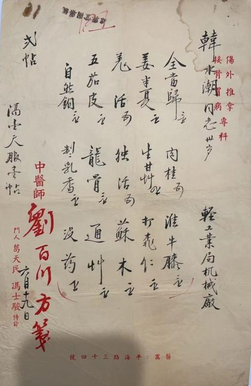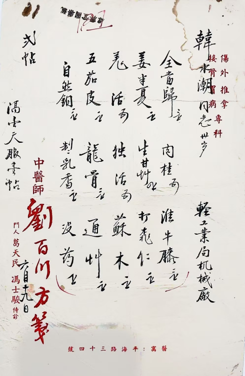 下图为刘百川方笺一则,患者韩水潮同志,三十岁,轻工业局机械厂,六月十九日诊,药用全当归三钱、肉桂一钱半、淮牛膝三钱、姜半夏二钱、生甘草四钱、打桃仁二钱、羌活一钱半、独活一钱半、苏木二钱、五茄皮二钱、龙骨三钱、通草二钱、自然铜三钱、制乳香二钱、没药一钱,二帖,隔一天服一帖。推测用于外科跌打损伤,以苏木、自然铜、乳香、没药散瘀止痛、接骨疗伤、消肿生肌,淮牛膝、五加皮、龙骨补肝肾强筋骨,当归、桃仁补血活血祛瘀,肉桂、通草温阳利水行气通络,羌活、独活祛风湿止痛,全方功效以温阳活血化瘀、舒筋活络为主,适用于外伤后的瘀血肿胀、疼痛等症状。
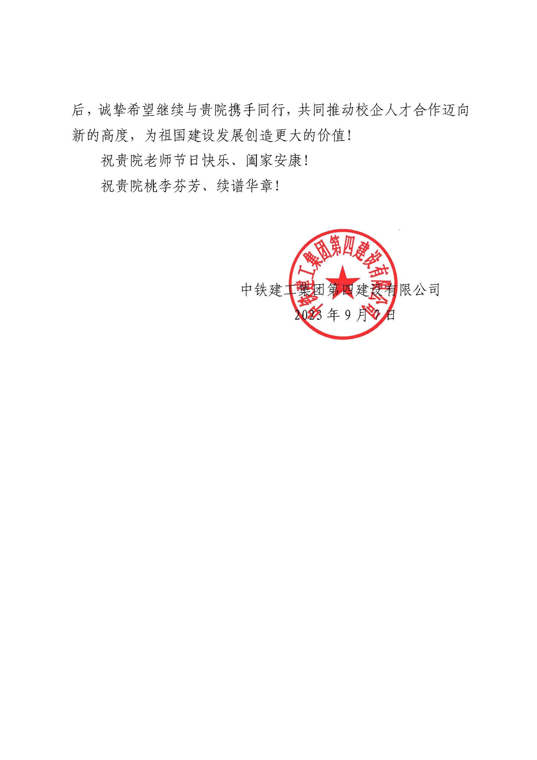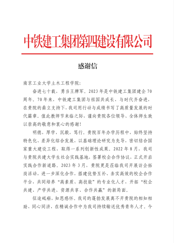 中铁建工四公司给我院发来感谢信
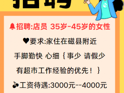 ♥️要求:家住在磁县附近,手脚勤快,心细{事少,请假少,有超市工作经验的优先!}
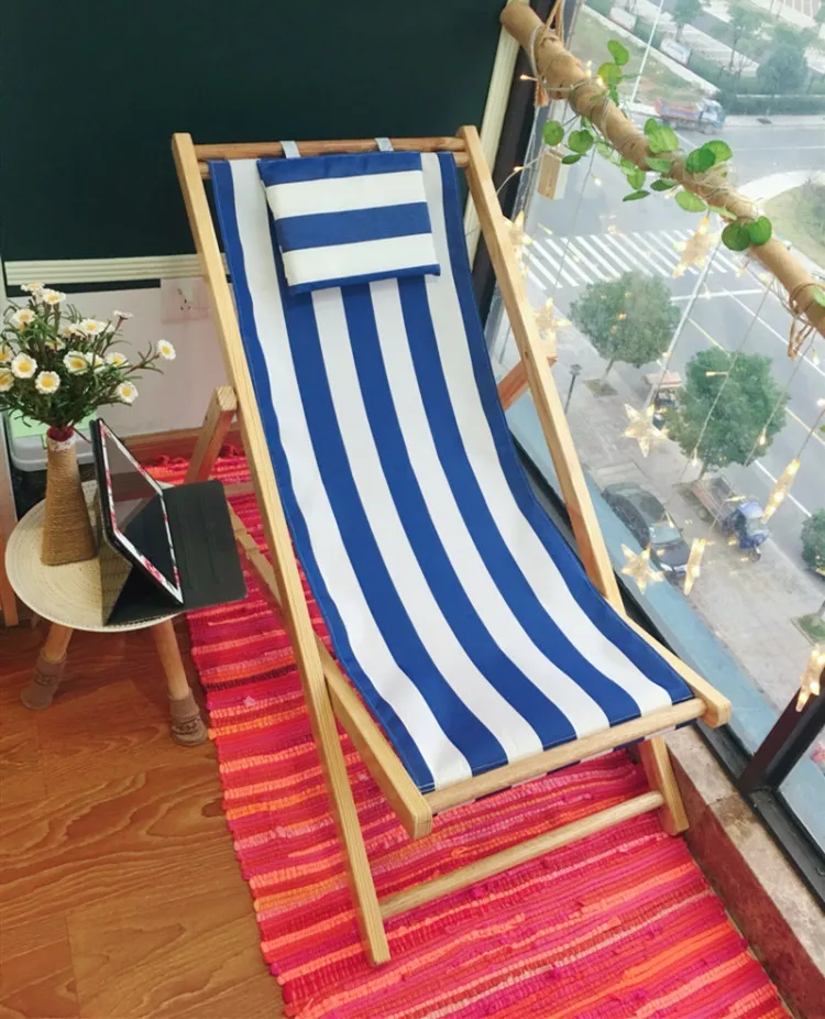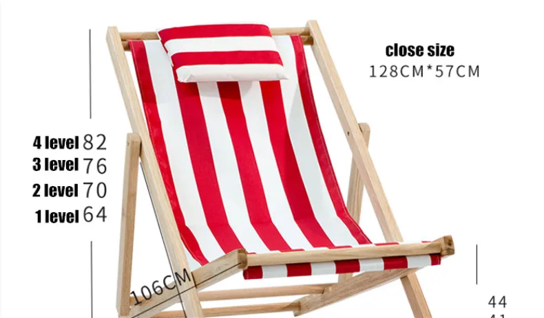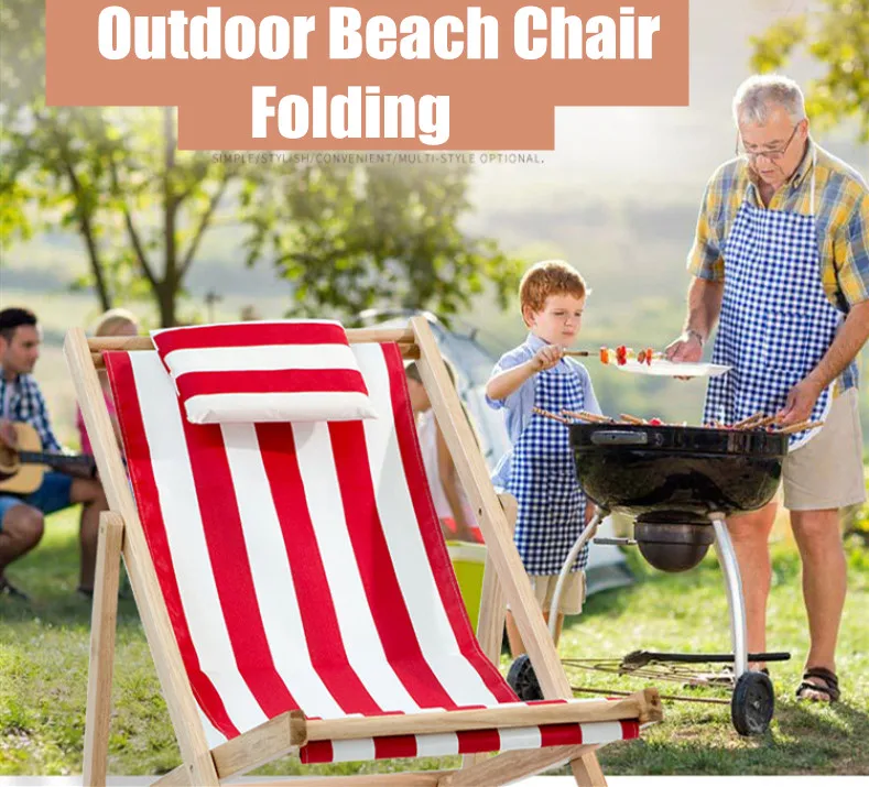 Outdoor Furniture Beach Chair Portable Folding Wood Chaise Lounge 5.5KG Adjustable Height Camping Chair Seat Outdoor Chaise
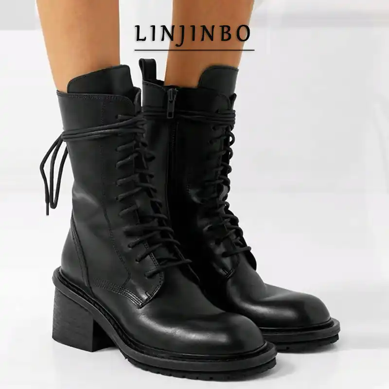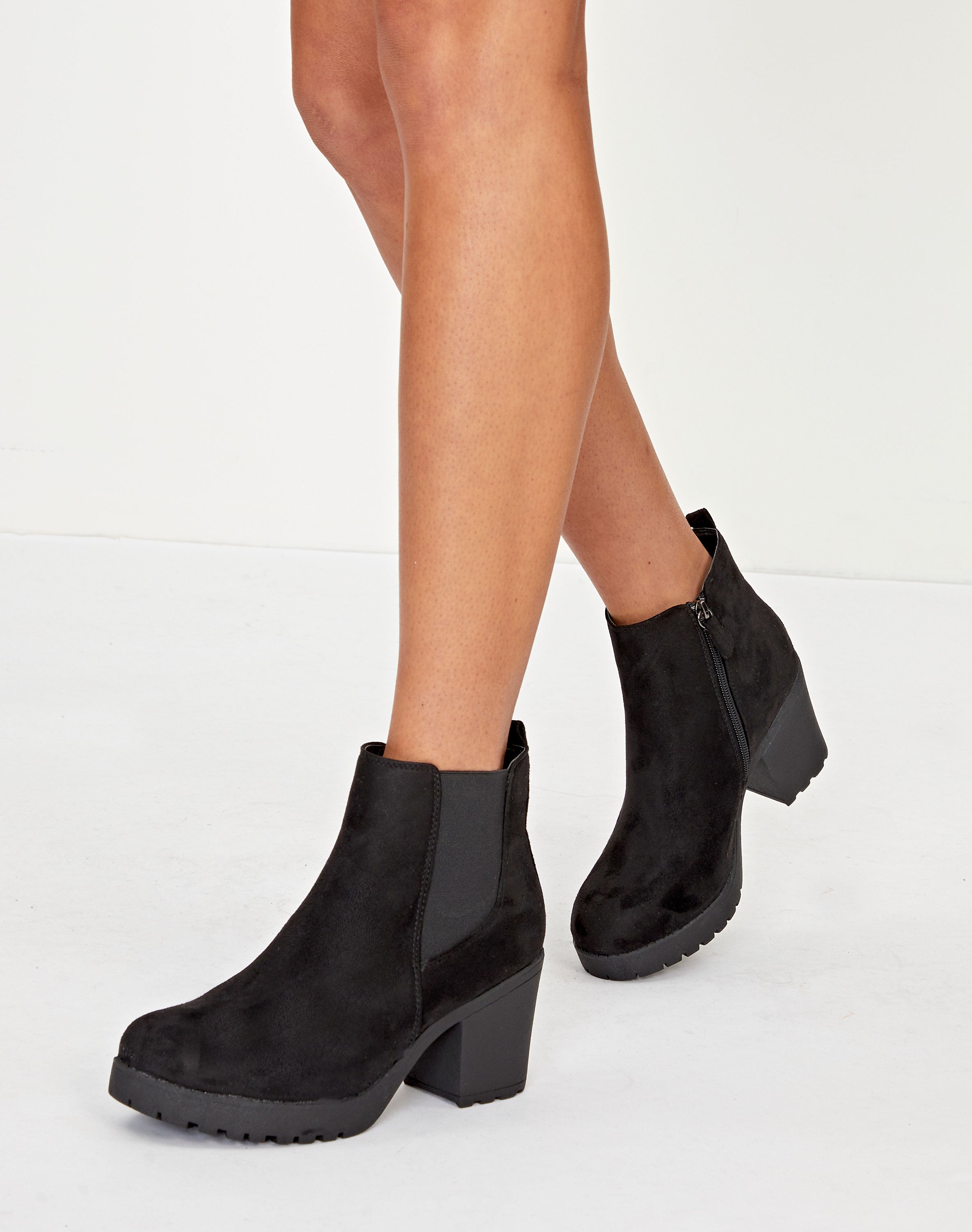 chunky black heeled boots
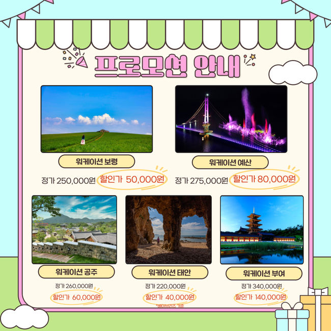 정상가 27만 5000원의 예산 프로그램은 8만원, 26만원인 공주 프로그램은 6만원, 22만원인 태안 프로그램은 4만원, 34만원인 부여 프로그램은 14만원에 이용할 수 있다.
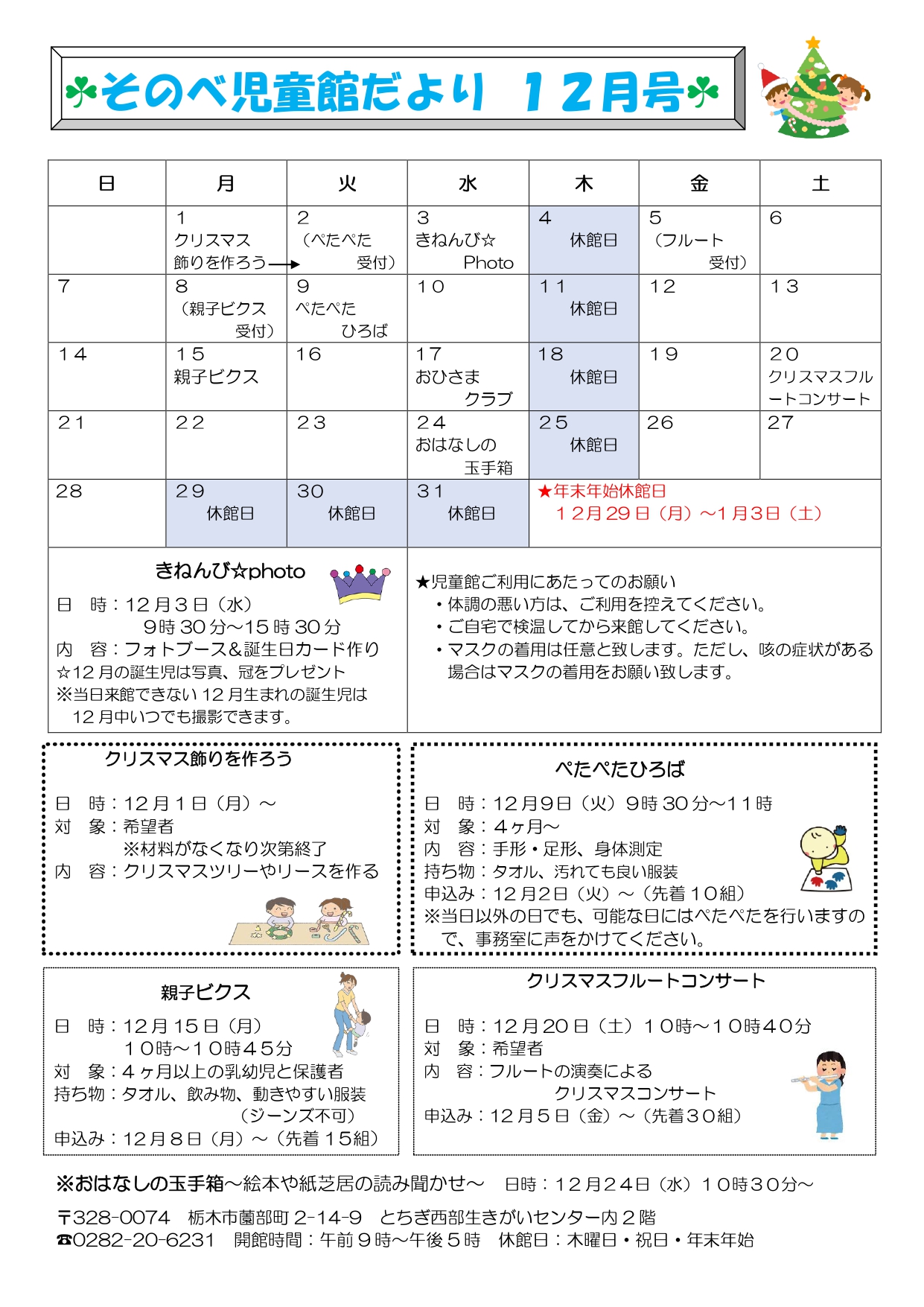 『そのべ児童館だより 12月号』をお知らせいたします。

========

* _Exercise requirements_
From the line with "정상가 27만 5000원의" through the last line of the entries above, transcribe everything exactly, both ends included, but not the pictures.

* _Exercise solution_
 정상가 27만 5000원의 예산 프로그램은 8만원, 26만원인 공주 프로그램은 6만원, 22만원인 태안 프로그램은 4만원, 34만원인 부여 프로그램은 14만원에 이용할 수 있다.
 『そのべ児童館だより 12月号』をお知らせいたします。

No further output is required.